Note: This excerpt is NOT for commercial purposes, but for EDUCATIONAL research and discussion.
Syria's torturers were not without their tutors, and one of the earliest of them was still living in George Haddad Street, a quiet, tree-lined thoroughfare not far from the British Embassy. He was an Austrian pensioner of 71, a reticent old man known to his neighbours as George Fischer, an apparently harmless eccentric who kept pet rabbits on the roof of his apartment. Every day at ten o'clock, he took a constitutional walk outside his home and once a week he visited the Hamadiyeh souq next to the Umayyad mosque to buy vegetables. All that distinguished him from other visitors to the market were his blue eyes, four missing fingers and the two mukhabarrat* gunmen who always accompanied him to the souk, Kalashnikovs in their hands.
A visit to George Haddad Street confirmed that Fischer was no ordinary retired expatriate. He lived on the third floor of a yellow-painted apartment building but his name did not appear beside any of the doorbells that were screwed onto the wall next to the tall wrought-iron double gate. Fischer's exclusivity was doubly emphasised by the young man who stood, day and night, opposite his gate, dressed in a black leather zip-up jacket with a pistol in his belt. At each end of the street, there stood two more Syrian security men, one resting a submachine-gun on his shoulder.
Certainly, Fischer had need of protection. In 1981, a parcel arrived for him with a Vienna postmark franked on the paper. It contained explosives and blew off four of his fingers. He had told a neighbour - a diplomat from the Swedish Embassy - that once, long ago, he used to train German shepherd dogs for the Syrian army. And one night, when he was very drunk, he told a friend that, before President Assad's** 'corrective' revolution, he had instructed the Syrian security apparatus in the use of an ingenious interrogation machine. It was a wheel upon which prisoners could be strapped and beaten with electric cable. Every few minutes, an automatic pump would spray water through the wheel to open the prisoners' wounds, whereupon the whippings could start again.
If old Fischer was therefore an unconventional pensioner, his pedigree suggested an even more chilling career. For to his friend, he had confided that George Fischer was in fact Alois Brunner, SS Obsersturmbannführer, senior officer in the Sonderkommando der Sicherheitspolizei für Judenangelegenheiten, responsible for the deportation of tens of thousands of Jews from the Greek city of Salonika in 1943. Born in the Austrian village of Rohrbrunn in 1912, Brunner joined the Nazi Party in 1931 and entered the police school in Graz a year later. He assisted Adolf Eichmann in the arrest and deportation of Jews from Vienna in 1938 and was posted in 1943 to Salonika where, under the command of Maximilian Merten, he signed the orders for 46,091 Jews to be deported to Auschwitz and other extermination camps. Greek survivors of the Jewish Holocaust recall that he would whip uncooperative prisoners or threaten them while holding a revolver in each hand. He was subsequently transferred to command the French transit camp at Drancy, whence he deported a further 24,000 Jews to the camps in eastern Europe.

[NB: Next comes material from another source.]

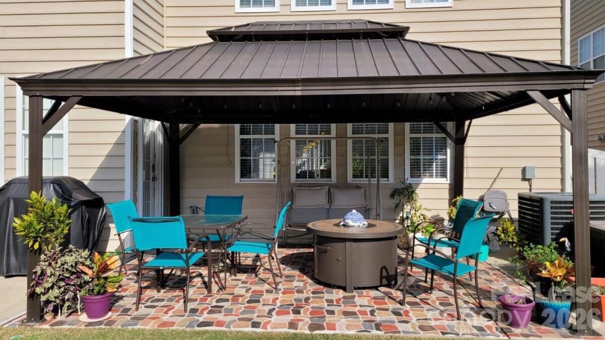 This beautifully maintained home showcases traditional architecture with a finished attic, wood flooring throughout the main level, and a spacious, open floor plan designed for comfortable living and entertaining. The home includes fully remodeled designer bathrooms, a half bath on the main level, ceiling fans in every room. The large open kitchen is equipped with a center island, granite countertops, a stylish backsplash, pantry, ample cabinet and counter space, and updated Samsung appliances, all flowing seamlessly into the great room with gas logs, dining area, breakfast nook, and foyer. Natural light fills the home throughout the day, creating a warm and inviting atmosphere. Additional features include built-in garage storage, a fenced backyard, and a large gazebo perfect for outdoor gatherings, along with access to community amenities such as a clubhouse and pool.

Then he disappeared. In the 1950s he was seen in Cairo, where he was allegedly helping Nasser to train the Egyptian security police in interrogation techniques. During the period of the United Arab Republic - the political union of Egypt and Syria - he travelled to Damascus, where he was still working, helping the Syrian secret service, when the Egyptian-Syrian alliance fell apart. In 1960, he advised on the purchase of 2,000 items of bugging equipment from East Germany, but his usefulness apparently ended. When Assad came to power in 1971, he 'inherited' Brunner who was, so the Syrians privately acknowledged, an embarrassment, an unsavoury throwback to the bad old days of reactionary Arab politics. Brunner was pensioned off after promising to remain silent. In return for keeping his mouth very firmly shut, he could stay in Damascus.
Robert Fisk, Pity the Nation: The Abduction of Lebanon, pp. 179-80.
*Syrian intelligence unit (my clarification)
** Syrian President Hafez Assad (my clarification)
Note: I apologise for any typing mistakes
So, any thoughts on Alois Brunner? I did a search for him on the forum but didn't come up with anything. Allegedly, he had helped the Syrians with torture methods.
Here's something I found (a Jewish website) about Alois Brunner: Link
On Brunner, from the Macedonian Press Agency
Alois Brunner to be tried in absentia
Something from the IHR
Also,
In 1987 in a telephone interview Alois Brunner told the Chicago Sun Times:
"The Jews deserved to die. I have no regrets. If I had the chance I would do it again .."
Source
Anyone know if that is true? Was something of the sort published in the Chicago Sun Times?